A: Because if we continue to create collaborative relationships, the transinstitutional university that I envision, this will be a place in which faculty will feel they have arrived in nirvana. In order to get people to come here, we’ve got to continue to make the changes in our culture that allow people to come and find great joy in their work.
Q: How about our alumni? How do you feel we can better engage them?
A: I’m still looking at our alumni programs so I can understand them more fully. I think there is a natural affiliation with Ohio State among alumni that is unlike almost any other place, at the undergraduate, graduate and professional level. Saying that, I think we need to be very focused on making sure we have alumni programs that are meaningful to alumni, that are creative in their scope and that provide opportunities for people to continue to connect to the University.
Q: Next, I have some random questions about your other interests and affiliations. Where do you think your daughter Rebekah’s interest in medicine came from?
A: I think it came from the fact that her mother died when she was 15. She was cared for at The James Cancer Hospital here at Ohio State when she died of breast cancer. I think Rebekah’s interest started to stem from that. It did not fully flourish until she was a senior in college, but no doubt about it, those seeds were already planted.
Q: Are you willing to talk about your own health habits? What kind of exercise and nutrition plan do you follow?
A: I get up early in the morning, 4:30 or 5 o’clock. I stretch early, then I do about 50 minutes of cardiovascular work, then I do about 25 minutes of weight training (upper and lower body) every other day. I do a lot of stretching and meditation. That’s my regimen every morning except Sundays. It has been a very important part of my life for a long time. I am very healthy. I have little nicks and scrapes here and there, but overall my health is very good and I attribute a lot of it to the fact that I, fortunately, have good genes and take care of myself.
Q: How do you relax?
A: I don’t (he says with a laugh). I love to go to movies; I love to read; I love to watch collegiate sports; but that’s about the extent of it. Obviously, I do a lot of traveling but generally it’s on business. But, you know, I just love universities. When I can spend time on a Saturday evening going out and visiting with students, having the opportunity to see them in their natural habitat and enjoy them; that, to me, is not work. It is not work. It is the same in visiting with faculty and staff. It is the same in visiting with alumni. I find the opportunity to spend time with alumni very empowering, very important.

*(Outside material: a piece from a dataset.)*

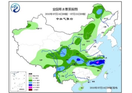 14日08時至15日08時,新疆西部的部分地區、西藏中東部、西北地區中東部、內蒙古西部偏東地區和中東部、黑龍江西部、吉林東部、遼寧西南部和東部、華北大部、黃淮西部、江淮西部、江漢、江南中東部和西北部、西南地區大部、廣東西南部和東北部、廣西西部和南部、海南、臺灣北部等地有小到中雨或陣雨,其中,湖南北部、湖北西部和東南部、安徽南部、江西北部、浙江大部有大到暴雨,局部地區有大暴雨;四川東北部、重慶北部、陜西南部、云南西北部、青海東部、甘肅西南部、川西高原東北部和南部、內蒙古東北部等地的部分地區有大雨、局地暴雨;上述局部地區并伴有短時雷雨大風等強對流天氣。新疆西部、甘肅河西地區東部、內蒙古中部等地有4~6級風。受強熱帶風暴“康森”影響,南海中北部偏東海域、臺灣以南海域有7~9級大風;“康森”中心經過的附近海面風力可達10~12級。黃海南部有5~6級、陣風7級的東北風;東海北部有6~7級、陣風8級的旋轉風。

Q: You’ve served on numerous corporate and nonprofit boards and continue to do so. Which of those was especially rewarding for you?
A: I have had a number of great opportunities. I think perhaps the single most important opportunity was to chair the Kellogg Commission on the Future of the Land Grant University – that was probably the most meaningful experience because I actually completed good work. I actually think we made a difference. Much of the language and many of the recommendations that came out of that I now see fulfilled.
Q: You’ve also coauthored eight books. Any writing projects that you’re currently working on?
A: Actually, one of my colleagues here, T.K. Daniel in the College of Education, and I are doing the fourth or fifth edition of our “Law in Education” case book, which is used in law schools around the country. It’s been very successful, so we’re doing another edition of that.
Q: Do you collect anything or have any unique hobbies that we don’t know about?
A: I collect bow ties. I have over 900, braces (suspenders) also. I do have a very fine art collection, which I have collected over the years, both in terms of well-known artists, but also in terms of local people. I like local artists very much. I take great interest in the arts. One of the real joys of returning to Ohio State is being in a place that really celebrates the arts.